Chairman Markey, distinguished members of the Committee, thank you for the opportunity to join you this morning. I appear before you today both in my capacity as President of World Resources Institute and as a founder of the US Climate Action Partnership.

The United States Climate Action Partnership (US CAP) believes climate change is an urgent problem, that we know enough to act, and that policy delay will only increase the costs to our economy and our environment. We are 33 leading companies and non-profit organizations with market capitalization over US $2.2 trillion and environmental groups with over 2 million members. We have tripled in size since our launch last January.

The CEOs of this consensus driven, leadership group continue to meet to refine and expand our policy recommendations. The companies have been clear that they are prepared to make very large long term investments in new products, technology and infrastructure to shift to a low carbon economy, but to do this they need:

  • A long term road map of reductions required
  • A carbon price
  • Clear rules
  • A level playing field

What they have so far is no carbon price, no road map, no clear rules, and States stepping into the leadership vacuum to create a national patchwork rather than a level playing field. I'd like to spend some time this morning reflecting on what type of policy action is required to tackle global warming - and how climate legislation can help the U.S. economy become more competitive, create new jobs and become a positive economic force.

The Roadmap

There are four reasons why laying out the pathway of steadily declining emissions is important:

  • It is what is required to control global warming;
  • It will signal future market conditions for companies making choices regarding new technologies and products;
  • It will encourage investors to support innovative low carbon technologies;
  • It will greatly enhance U.S. credibility in seeking international agreement on reductions.

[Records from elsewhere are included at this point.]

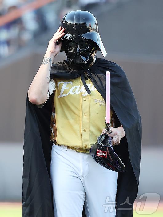 (대전=뉴스1) 김진환 기자 = 12일 대전 한화생명 볼파크에서 열린 ‘2025 신한 SOL뱅크 KBO 올스타전’에서 한화 외국인 투수 폰세가 영화 스타워즈의 캐릭터 다스베이더 복장으로 나오고 있다. 2025.7.12/뉴스1kwangshinQQ@news1.krCopyright ⓒ 뉴스1. All rights reserved. 무단 전재 및 재배포, AI학습 이용 금지.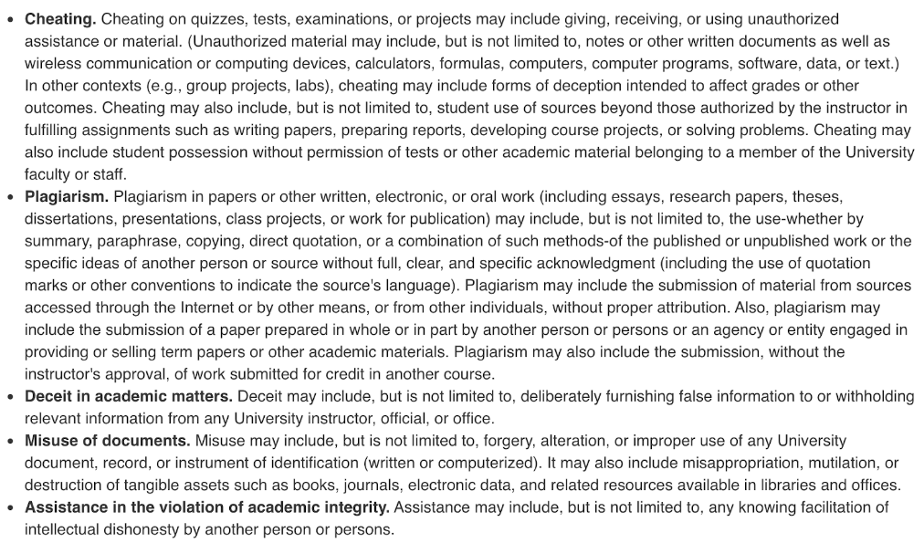 • 抄袭Plagiarism:抄袭论文,电子或口头作品(包括:文章,研究论文,演讲,课堂项目后已出版的作品);未经标注的情况下使用来自于网络或他人的资料;未经老师授权,在不同课程中提交同一份作业等
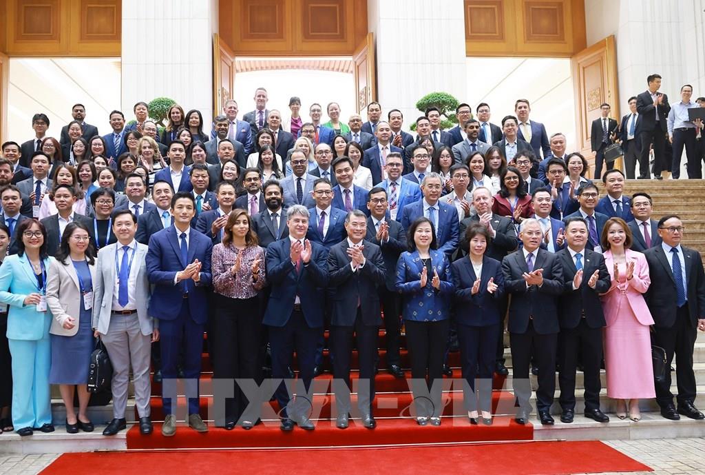Đoàn doanh nghiệp cấp cao Hội đồng Kinh doanh Hoa Kỳ - ASEAN (USABC) tham dự buổi tiếp và làm việc với Thủ tướng Lê Minh Hưng. Ảnh: Dương Giang – TTXVN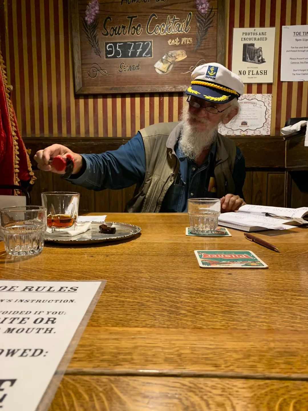 在道森,最惊世的体验就是“酸脚趾挑战” —— 只要你敢喝下里面装有酸脚趾的烈酒,就能得到一本证书。全球已经有超10万人参与并获得了这张证书。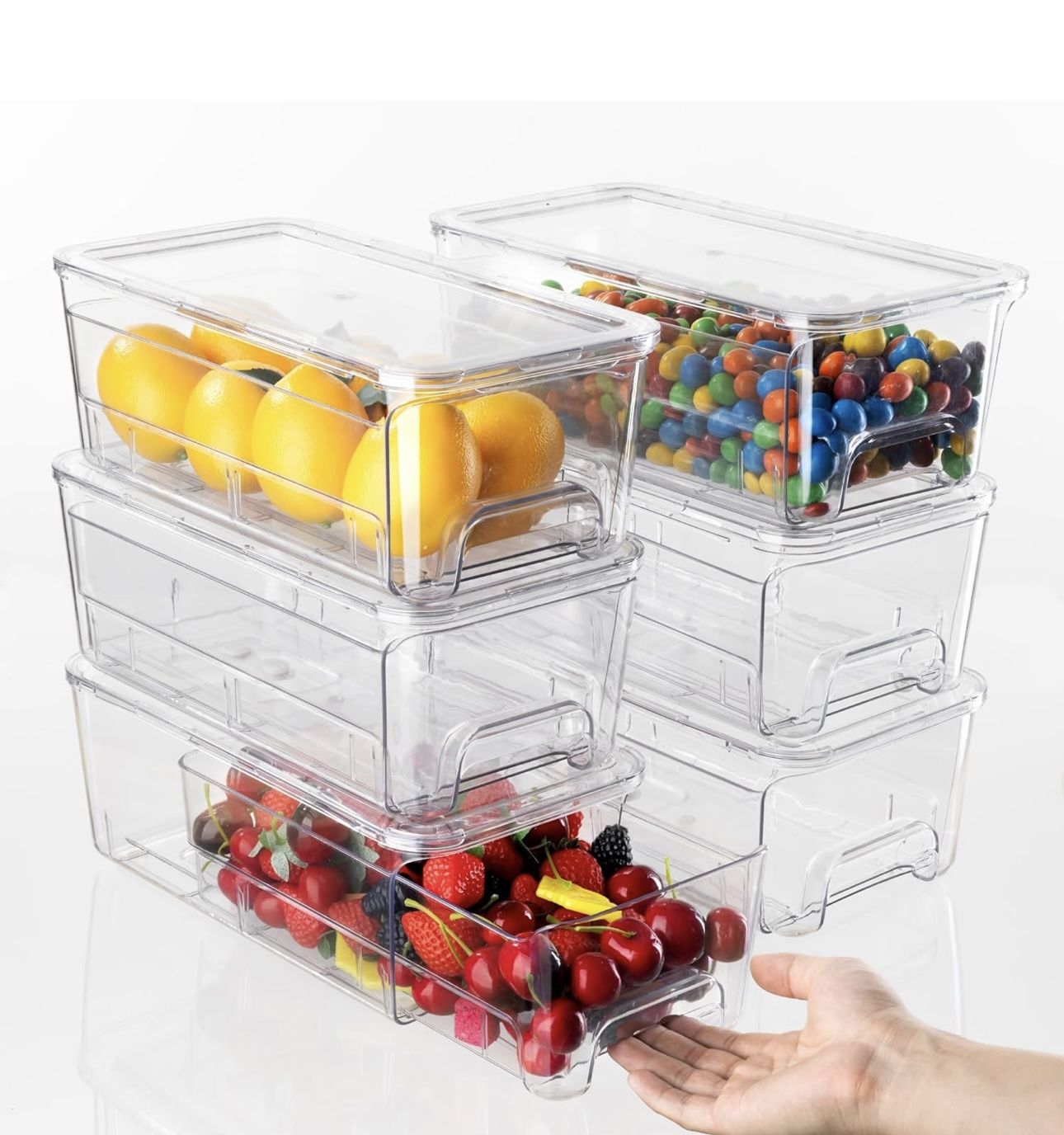 Audend 6 Pack Plastic Storage Containers with Handle for Pantry and Snack Organizers,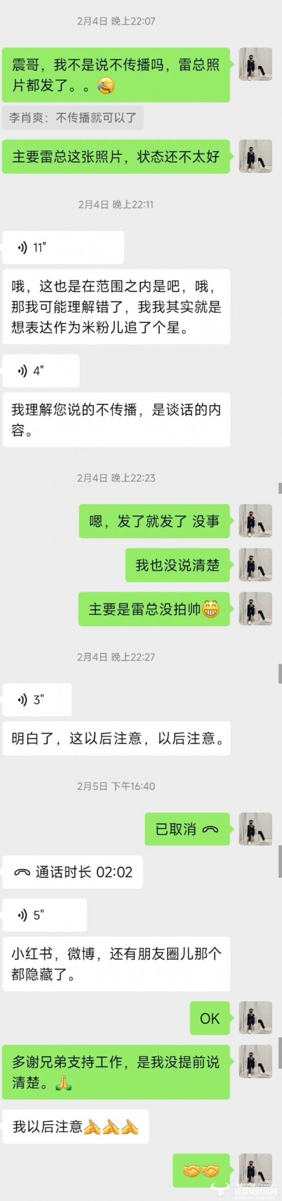 从李肖爽披露的聊天记录看,汽车博主误以为小米方所强调的“不传播”,是谈话内容不传播。实际上,包括与雷总合照在内,小米方都不希望传播。而后小米方与汽车博主取得联系,表示希望能删除合影。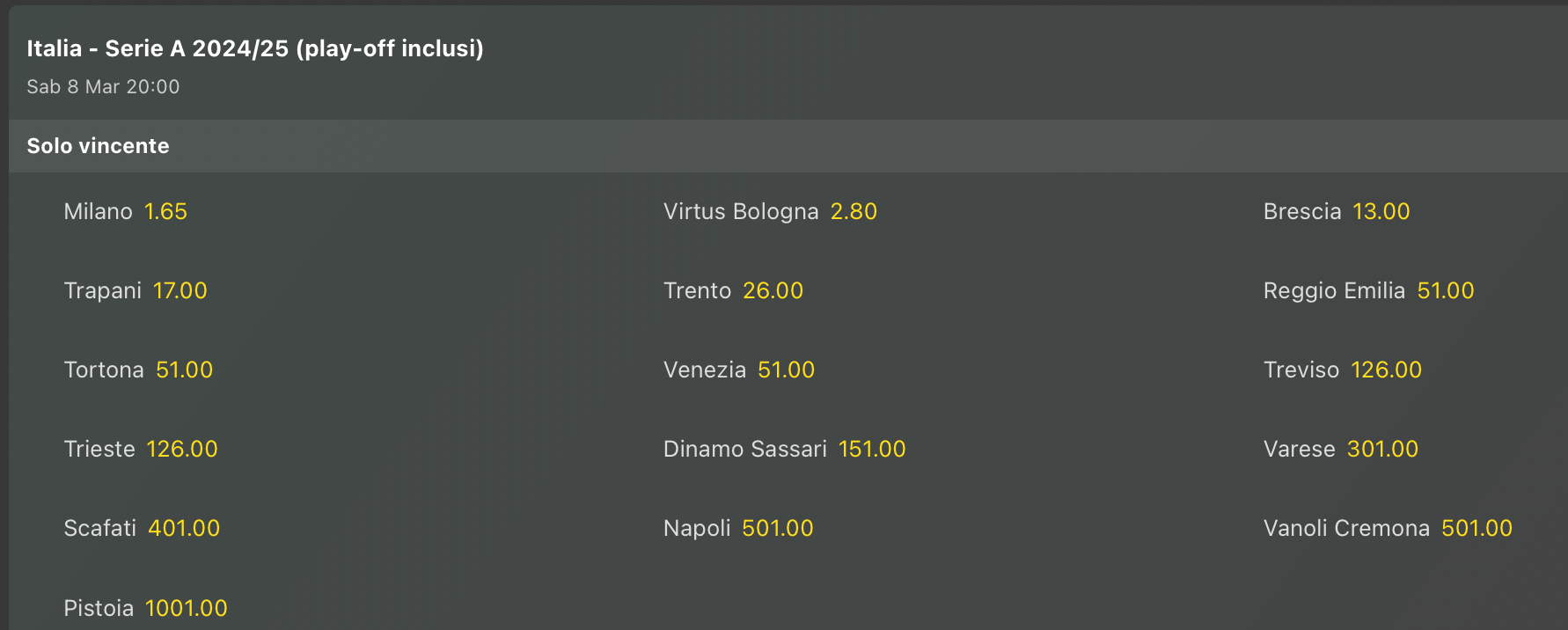 Quote antepost: gli aggiornamenti per lo scudetto di basket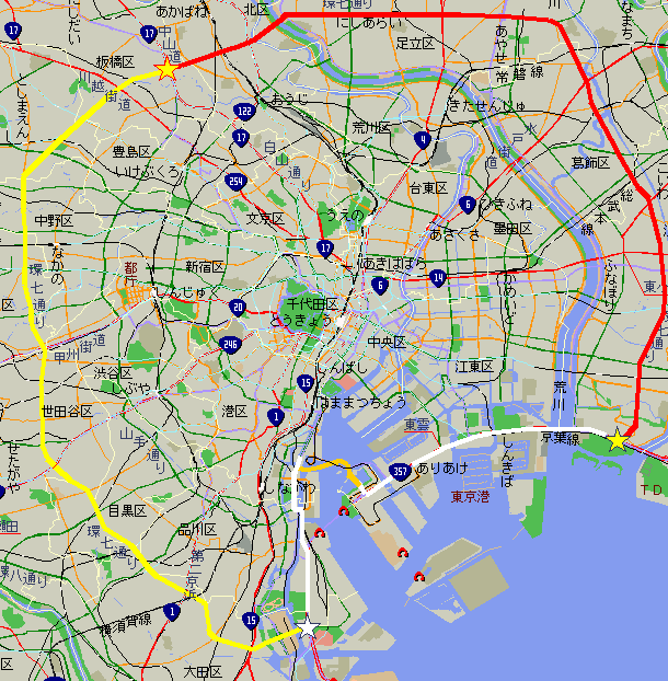 その後、国道16号線をママチャリで回った、たいこんでろが さんも、環七一周挑戦され無事成功しました。そのときに撮ったのが、この環七通り起点の看板。 看板は、こんなところにあったんですね…。 ありがとうございました。 |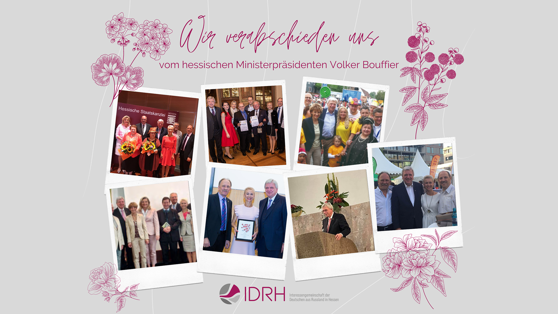 Wir, die Russlanddeutschen in Hessen, danken Ihnen herzlichst für Ihr langjähriges Vertrauen und die erfolgreiche Zusammenarbeit. Für unsere Belange hatten Sie stets ein offenes Ohr. Wir wussten Sie an unserer Seite und konnten mit Ihrer Erfahrung und Ihrer Unterstützung rechnen.

Deep cuts in emissions will require fundamental changes in our energy systems over a period of decades. Legislation should focus on a step-wise, cost-effective approach -- US CAP efforts focused on targets over the next 20-30 years that would harness the innovation and entrepreneurial nature of the private sector through markets for new technologies.

US CAP recommends that legislation be designed to be consistent with limiting global atmospheric concentrations of greenhouse gases to a level of 450-550 parts per million - a level that scientists tell us will be required to avoid the most disruptive climate impacts. In light of that goal, US CAP seeks mandatory targets that slow, stop and reverse the growth of U.S. emissions, achieving emissions levels of:

  • Between 100-105% of today's levels within five years of rapid enactment
  • Between 90-100% of today's levels within 10 years
  • Between 70-90% of today's levels within 15 years

We suggest a long-term goal of reducing emissions by 60-80% by 2050. Since markets play an important role in shaping behavior, we believe there needs to be a price for GHG emissions for all sectors of the economy - an economy wide approach.

A Carbon Price

Our environmental goal and economic objectives can best be accomplished through an economy-wide, market driven approach that includes a cap-and-trade program with specific limits on greenhouse gas emissions. By signaling a price on carbon now, and for the next 40 years, investors seeking to make decisions today will factor in a cost of carbon into investment decisions. Cap-and-trade creates an obligation on regulated entities to meet specified targeted reduction levels.

Cap-and-trade provides both certainty and flexibility. Sources can choose whether to make reductions or buy credits. Innovators can invest in technology to produce and sell excess credits. Cap-and-trade creates a market that chooses the best solutions.

Cap-and-trade programs like the SO2 program in the Clean Air Act have a demonstrated track record of creating environmental value at acceptable economic cost. As the SO2 program was being debated in Congress, there were many who thought the costs of controlling acid rain would ruin U.S. competitiveness. It did not, and CO2 trading will not. According to venture capitalist John Doerr, who endorses cap-and-trade, "The choice is clear: Are we going to innovate and prosper, or stagnate and suffocate?"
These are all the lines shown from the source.